Действительно не понял — думалось-то совсем о
другом.
— Не во что, а Посвященный. С большой буквы. Ну что ты, не знаешь, что ли? Братство такое, всемирное, ну, вроде религиозной секты. Вот туда меня и приняли.
— Побойся Бога, Леша, — зашептал Микис в ужасе. — Какое Братство? Какая секта?! Как тебя могли принять? Ты же офицер российской госбезопасности! Ты с дуба рухнул, Леша?!

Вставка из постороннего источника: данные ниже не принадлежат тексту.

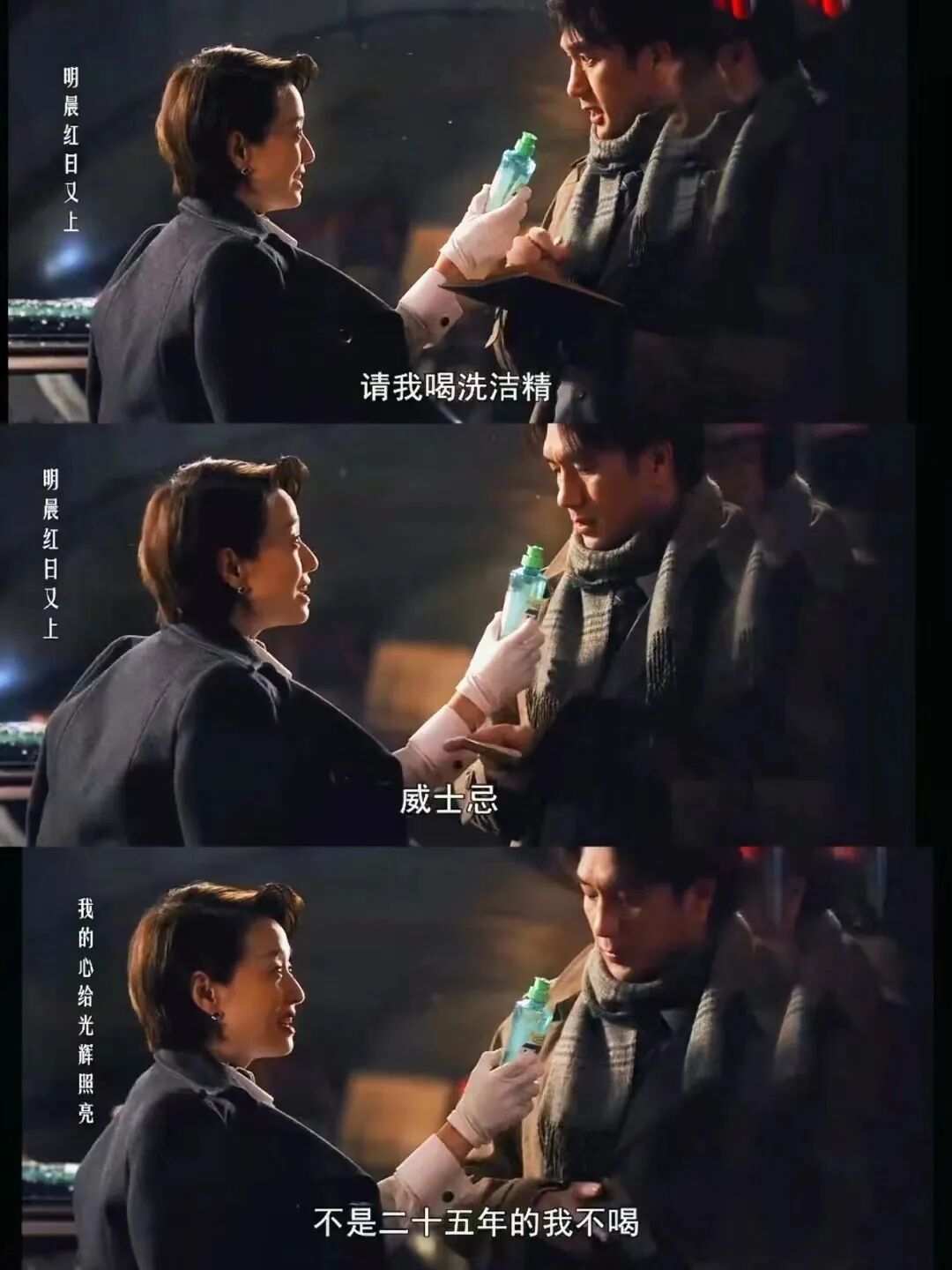 当时的玲子还是酒吧服务员,她会偷偷的把威士忌装进洗洁精瓶子,拿出来和强慕杰一起喝。
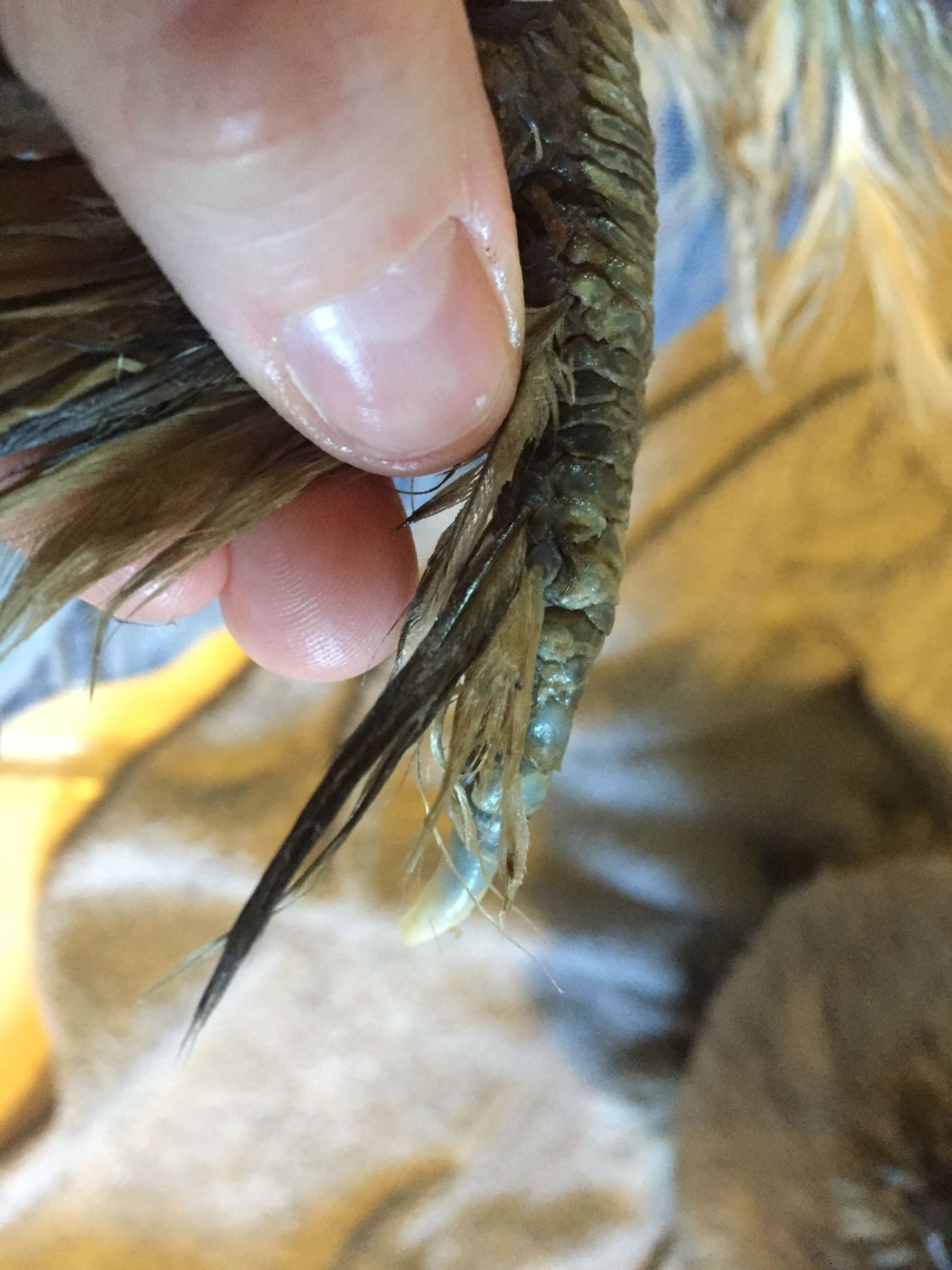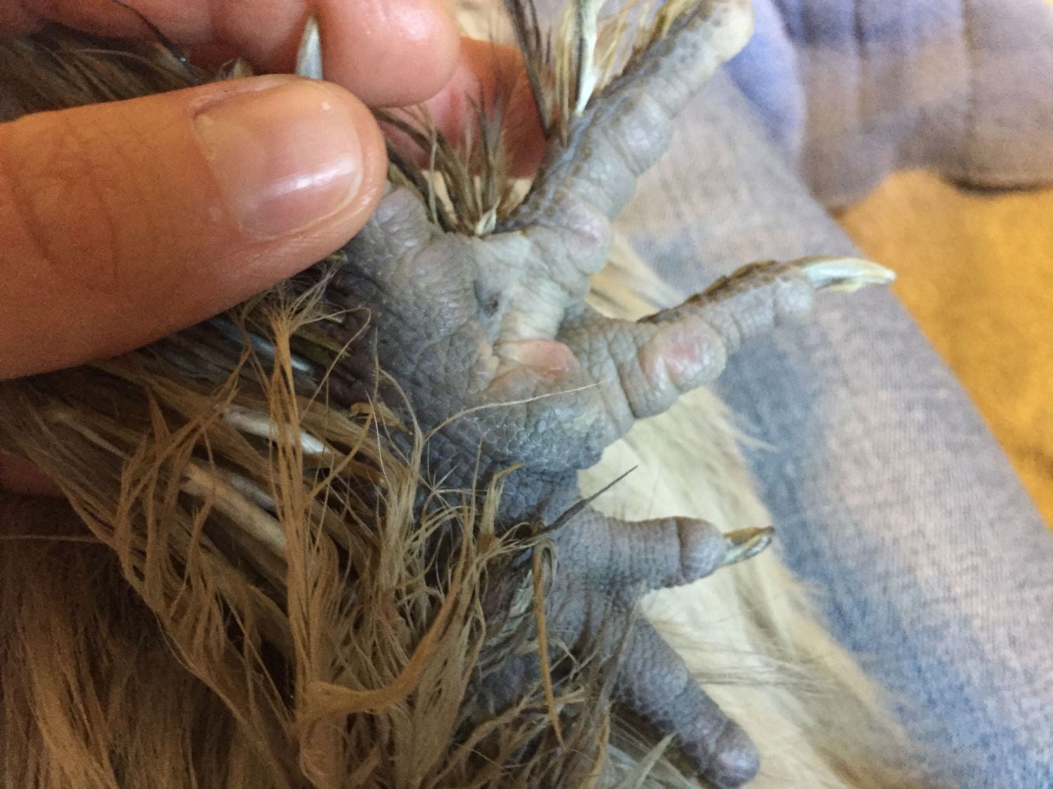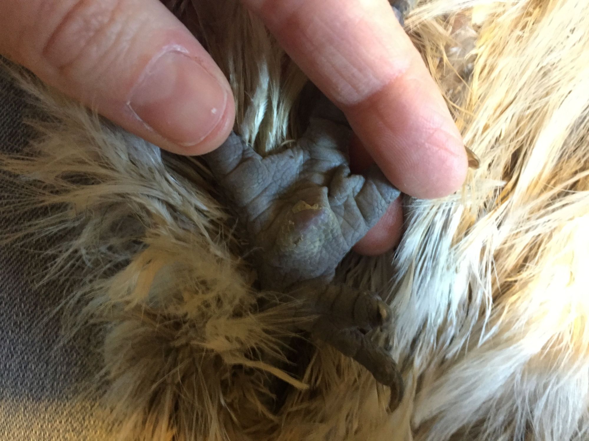 The hen has what appears to be some flaky skin hanging off the bottom of her feet. Not sure if her pad is swollen? I've been treating her the same as the rooster just in case, and this flaky skin thing just appeared this week. Ideas?
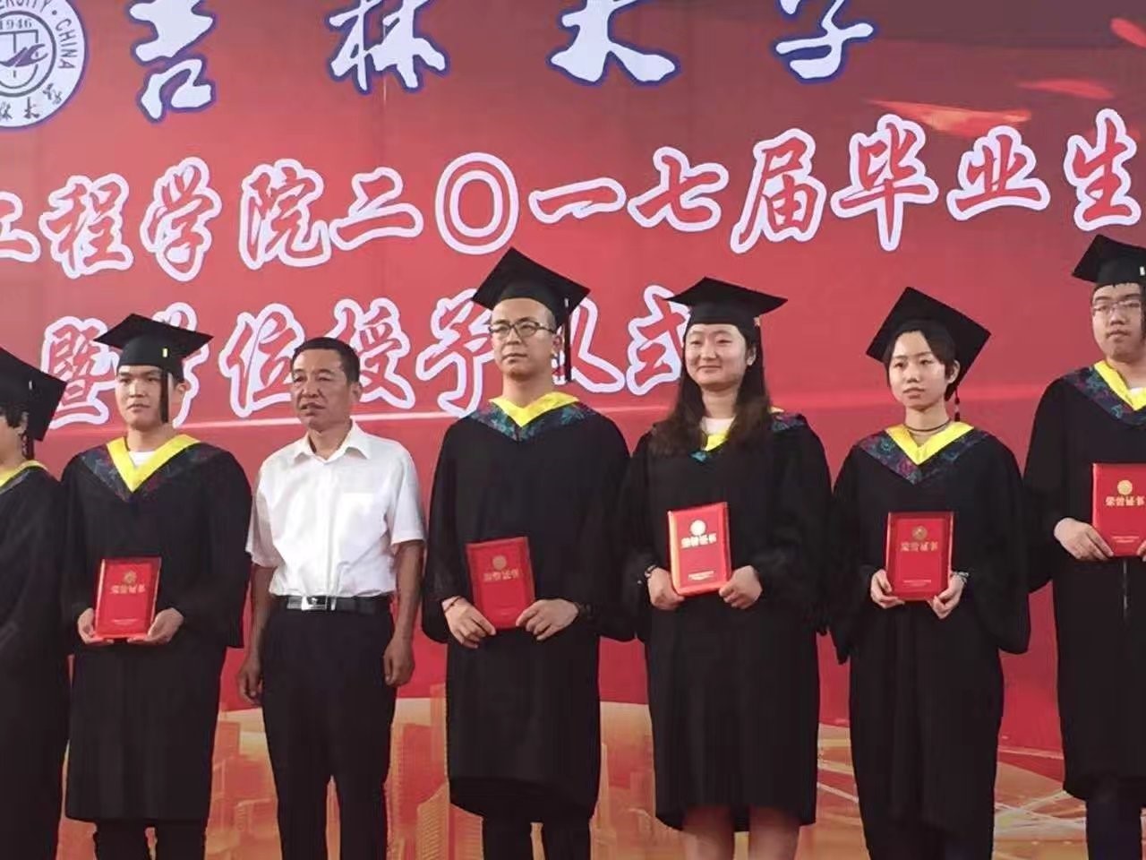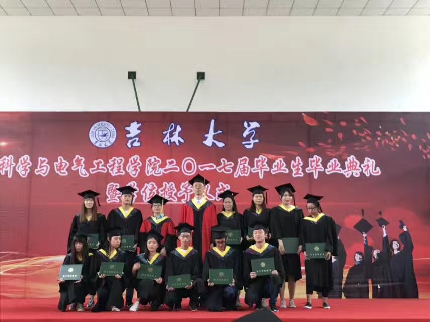 2017届博士与硕士毕业研究生名单,随后,刘长胜副院长宣读了2017届本科毕业生名单。院学位评定委员会主席林君教授与院长嵇艳鞠教授一起为所有2017届毕业生授予学位。接下来,院党委书记王爱民老师宣读了2017届校、院优秀毕业生名单,并为优秀毕业生颁发了获奖证书、合影留念。院教学委员会主任宣读了优秀毕业论文名单,并分别与测控系主任林婷婷教授、电气系副主任刘卫平教授为获得优秀毕业论文的同学颁发证书并合影留念。
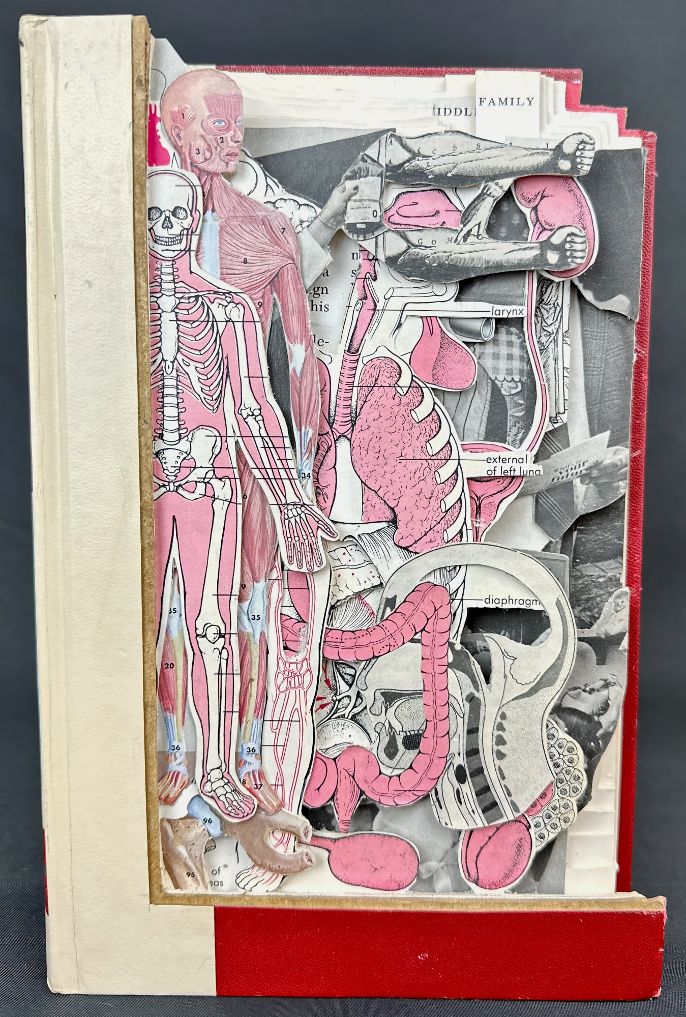 Medical in Pink is derived from an old Medical & Health encyclopedia from the 50's. The entire collection was printed in single Pantone pink making the human body elements pop. Captured here in a simple reveal, the red and pink stand out.

— Наверно, Миш, наверно, я рухнул с дуба, но больше я не офицер госбезопасности. — Коновалов говорил спокойно, размеренно, без эмоций, словно он все то же самое много раз пересказывал другим, бесконечно устал от этого и вот
Микис слышал, конечно, о Братстве, про господ Шпатца и Силоварова даже читал что-то в газетах, но относился к самой идее скептически, то есть никак не относился: мало ли всяких на свете религиозных закидонов, особенно в последнее время. И вдруг — бац! — пока он в Индии британские политические секреты разнюхивал, лучший его друг сделался Посвященным. Это настолько ни с чем не вязалось, что Микису захотелось понять. И он стал внимательно слушать Алексея — вне зависимости от высказанных и невысказанных пожеланий Давыдова. И чем внимательнее он слушал несчастного Лешку, тем страшнее делалось ему, ведь Лешка-то верил во все, что говорил, верил, да еще и трясся от страха, так как по их законам тоже не полагалось разглашать секретные сведения, то бишь тайное знание Братства, а он, Коновалов, разглашал, потому что уже не в силах был больше ходить с этим. Выгнать из Посвященных не могли — это как национальность или физическое уродство дается пожизненно, так что для Лешки теперь путь был один — на небо, а там, надо полагать, существует для ихних грешников какое-нибудь специальное чистилище. Страха перед адскими муками Микис у друга не почувствовал, было скорее какое-то разочарование, какая-то глухая тоска по оставляемой Земле и друзьям. Он так и говорил:
— Оставляю вас, оставляю, а жалко! Не поверишь, как жалко. Потому что не вовремя, рано. Но иначе — никак…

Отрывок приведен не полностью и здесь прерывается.